Work instruction: Further down are entries; set down exactly and only the lines from the one with "Назначение: для скрытых" up to and including the one with "Salbei, Knoblauch, Zwiebeln.", dropping each picture.

-------- Information

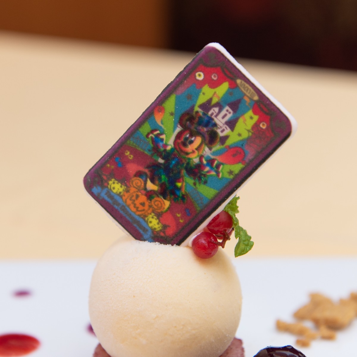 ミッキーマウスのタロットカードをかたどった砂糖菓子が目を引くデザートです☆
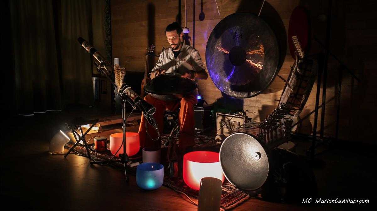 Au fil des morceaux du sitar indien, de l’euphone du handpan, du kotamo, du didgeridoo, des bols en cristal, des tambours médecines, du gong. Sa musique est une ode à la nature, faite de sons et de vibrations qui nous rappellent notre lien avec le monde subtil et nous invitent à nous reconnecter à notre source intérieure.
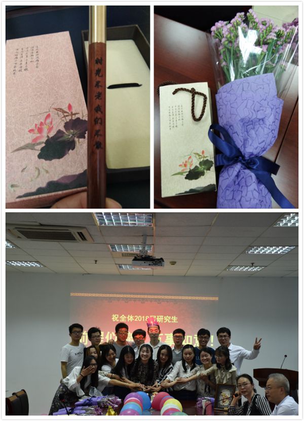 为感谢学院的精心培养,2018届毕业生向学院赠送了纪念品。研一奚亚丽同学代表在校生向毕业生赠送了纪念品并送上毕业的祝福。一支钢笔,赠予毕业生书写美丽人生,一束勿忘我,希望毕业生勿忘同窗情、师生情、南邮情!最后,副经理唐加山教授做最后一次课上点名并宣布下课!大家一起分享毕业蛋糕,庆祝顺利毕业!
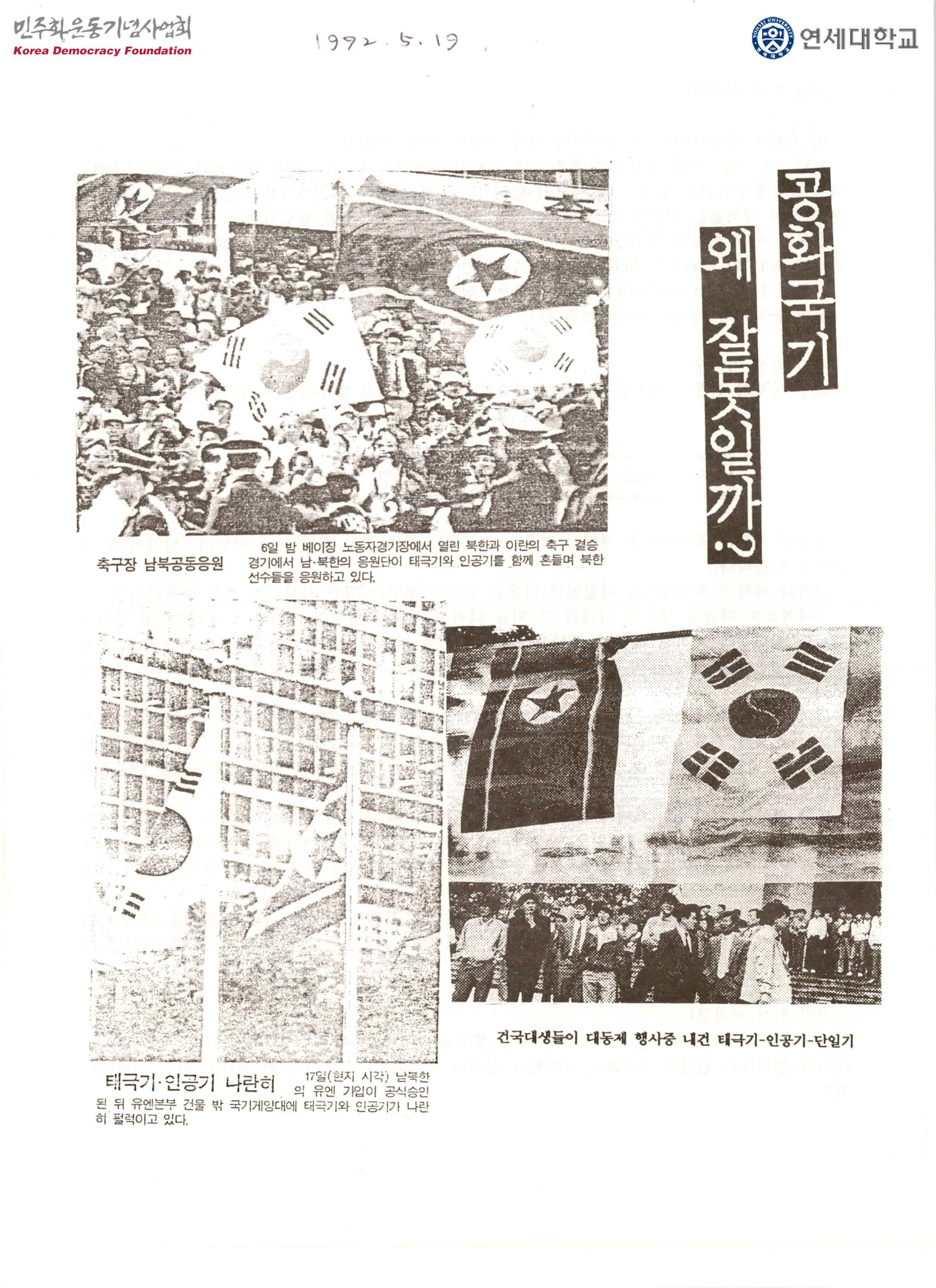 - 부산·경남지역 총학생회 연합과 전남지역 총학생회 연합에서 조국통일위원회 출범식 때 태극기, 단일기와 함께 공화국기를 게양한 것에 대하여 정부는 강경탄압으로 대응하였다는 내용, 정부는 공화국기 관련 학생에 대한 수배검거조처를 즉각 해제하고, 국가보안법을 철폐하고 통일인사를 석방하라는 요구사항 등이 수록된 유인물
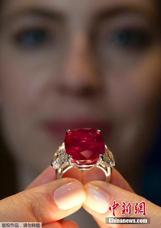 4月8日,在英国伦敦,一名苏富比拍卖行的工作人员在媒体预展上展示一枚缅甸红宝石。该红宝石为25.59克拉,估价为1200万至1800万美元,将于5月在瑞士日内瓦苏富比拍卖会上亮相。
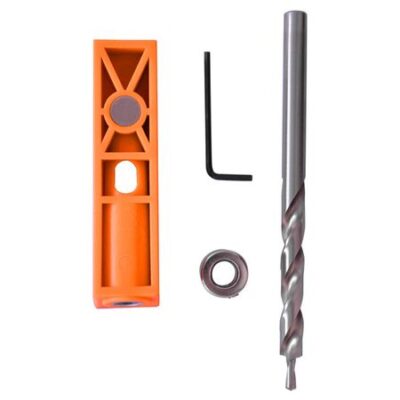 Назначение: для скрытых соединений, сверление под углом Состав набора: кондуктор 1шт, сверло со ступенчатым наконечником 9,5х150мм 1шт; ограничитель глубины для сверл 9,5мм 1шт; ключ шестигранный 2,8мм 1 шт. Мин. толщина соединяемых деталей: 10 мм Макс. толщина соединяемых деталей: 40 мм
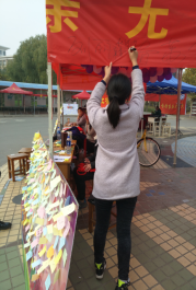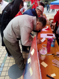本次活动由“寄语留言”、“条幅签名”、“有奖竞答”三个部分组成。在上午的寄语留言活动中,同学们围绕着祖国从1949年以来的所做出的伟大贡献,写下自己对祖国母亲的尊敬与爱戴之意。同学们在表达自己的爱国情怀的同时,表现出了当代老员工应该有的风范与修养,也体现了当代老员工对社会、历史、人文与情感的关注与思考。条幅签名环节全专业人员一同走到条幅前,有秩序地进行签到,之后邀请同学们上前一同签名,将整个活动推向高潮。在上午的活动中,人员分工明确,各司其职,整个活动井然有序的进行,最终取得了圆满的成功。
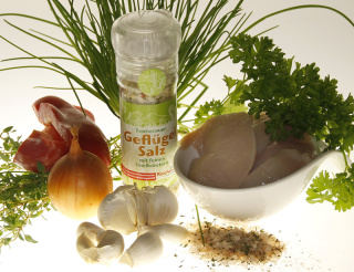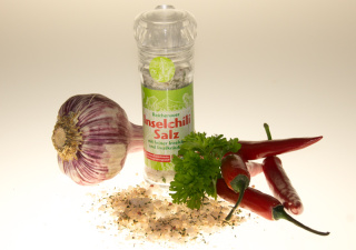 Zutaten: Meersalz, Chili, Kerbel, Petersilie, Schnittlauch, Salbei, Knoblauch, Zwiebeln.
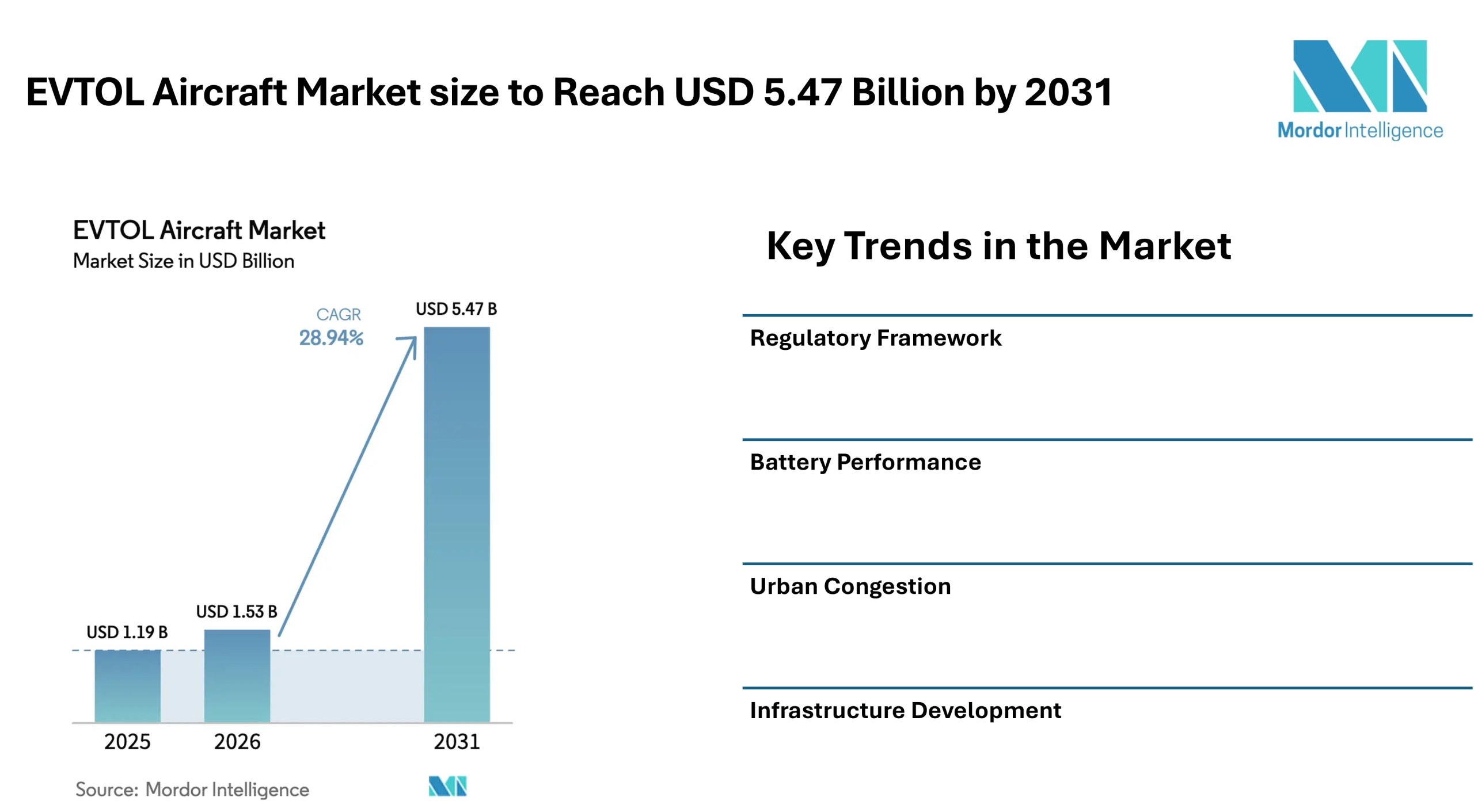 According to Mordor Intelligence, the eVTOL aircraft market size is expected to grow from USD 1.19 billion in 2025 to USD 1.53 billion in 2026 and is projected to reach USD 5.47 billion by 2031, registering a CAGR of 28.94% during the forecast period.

----------------
-------- Information

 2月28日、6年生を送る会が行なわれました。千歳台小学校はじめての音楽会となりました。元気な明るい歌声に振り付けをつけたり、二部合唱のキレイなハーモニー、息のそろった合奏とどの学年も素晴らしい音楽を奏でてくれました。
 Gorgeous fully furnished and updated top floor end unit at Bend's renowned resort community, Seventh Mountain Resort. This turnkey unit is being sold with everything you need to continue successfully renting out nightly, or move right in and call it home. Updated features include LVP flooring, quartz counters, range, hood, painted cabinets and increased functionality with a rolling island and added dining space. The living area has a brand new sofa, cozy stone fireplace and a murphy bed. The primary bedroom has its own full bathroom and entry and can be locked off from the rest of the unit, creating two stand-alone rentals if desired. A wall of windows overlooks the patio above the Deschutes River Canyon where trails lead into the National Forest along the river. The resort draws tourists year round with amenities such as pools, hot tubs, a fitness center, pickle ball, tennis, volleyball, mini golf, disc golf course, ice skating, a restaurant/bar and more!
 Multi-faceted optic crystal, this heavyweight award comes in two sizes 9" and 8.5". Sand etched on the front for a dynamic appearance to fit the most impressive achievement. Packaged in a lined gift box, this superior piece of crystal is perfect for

----------------
-------- Information

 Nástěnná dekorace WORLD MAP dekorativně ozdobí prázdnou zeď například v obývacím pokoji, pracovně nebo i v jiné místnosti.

----------------

Result of this task:
 Назначение: для скрытых соединений, сверление под углом Состав набора: кондуктор 1шт, сверло со ступенчатым наконечником 9,5х150мм 1шт; ограничитель глубины для сверл 9,5мм 1шт; ключ шестигранный 2,8мм 1 шт. Мин. толщина соединяемых деталей: 10 мм Макс. толщина соединяемых деталей: 40 мм
本次活动由“寄语留言”、“条幅签名”、“有奖竞答”三个部分组成。在上午的寄语留言活动中,同学们围绕着祖国从1949年以来的所做出的伟大贡献,写下自己对祖国母亲的尊敬与爱戴之意。同学们在表达自己的爱国情怀的同时,表现出了当代老员工应该有的风范与修养,也体现了当代老员工对社会、历史、人文与情感的关注与思考。条幅签名环节全专业人员一同走到条幅前,有秩序地进行签到,之后邀请同学们上前一同签名,将整个活动推向高潮。在上午的活动中,人员分工明确,各司其职,整个活动井然有序的进行,最终取得了圆满的成功。
 Zutaten: Meersalz, Chili, Kerbel, Petersilie, Schnittlauch, Salbei, Knoblauch, Zwiebeln.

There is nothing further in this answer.